**The problem**
No pictures, please. Output the lines from the start of the data through the line that contains "I take this", both included, exactly as they stand.

**Given material**
————
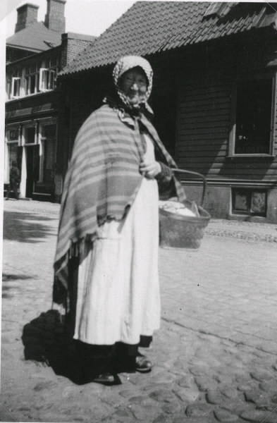 En äldre kvinna, "Brö-Mormor"(?), står med korg på armen, klädd i huckle och stor sjal över klänningen, vid torgets nordöstra hörn framför fastigheten kv Apotekaren 8.
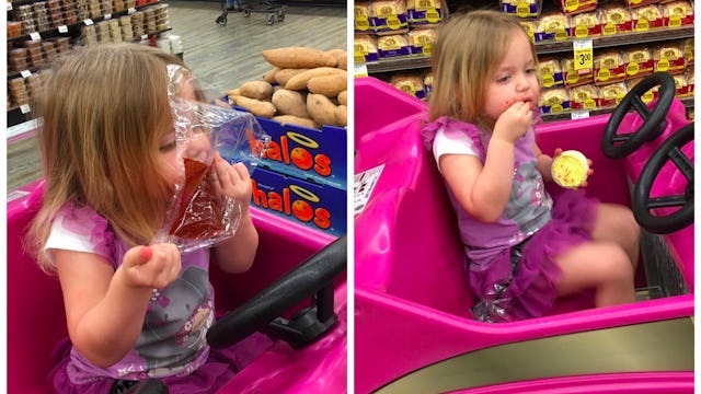 I take this adorable little handful to the store each Saturday. We get the pink car cart because that’s the one she insists on. Not the black car cart or the blue car cart — that would get me killed.
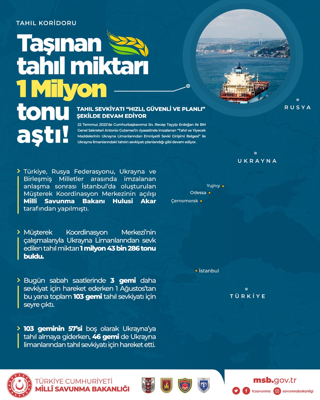 Milli Savunma Bakanlığından (MSB) yapılan açıklamada Ukrayna limanlarından 1 Ağustos'tan itibaren taşınan tahıl miktarının 1 milyon 43 bin 286 ton olduğu duyuruldu.
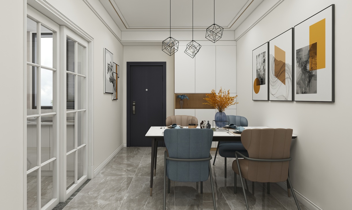 餐厅没有过多的修饰,简单的颜色处理,和客厅相呼应,相对于既要充当过道的小小的餐厅来说,一定要简洁,让整个空间更加的大气。
————
**Result**
 En äldre kvinna, "Brö-Mormor"(?), står med korg på armen, klädd i huckle och stor sjal över klänningen, vid torgets nordöstra hörn framför fastigheten kv Apotekaren 8.
 I take this adorable little handful to the store each Saturday. We get the pink car cart because that’s the one she insists on. Not the black car cart or the blue car cart — that would get me killed.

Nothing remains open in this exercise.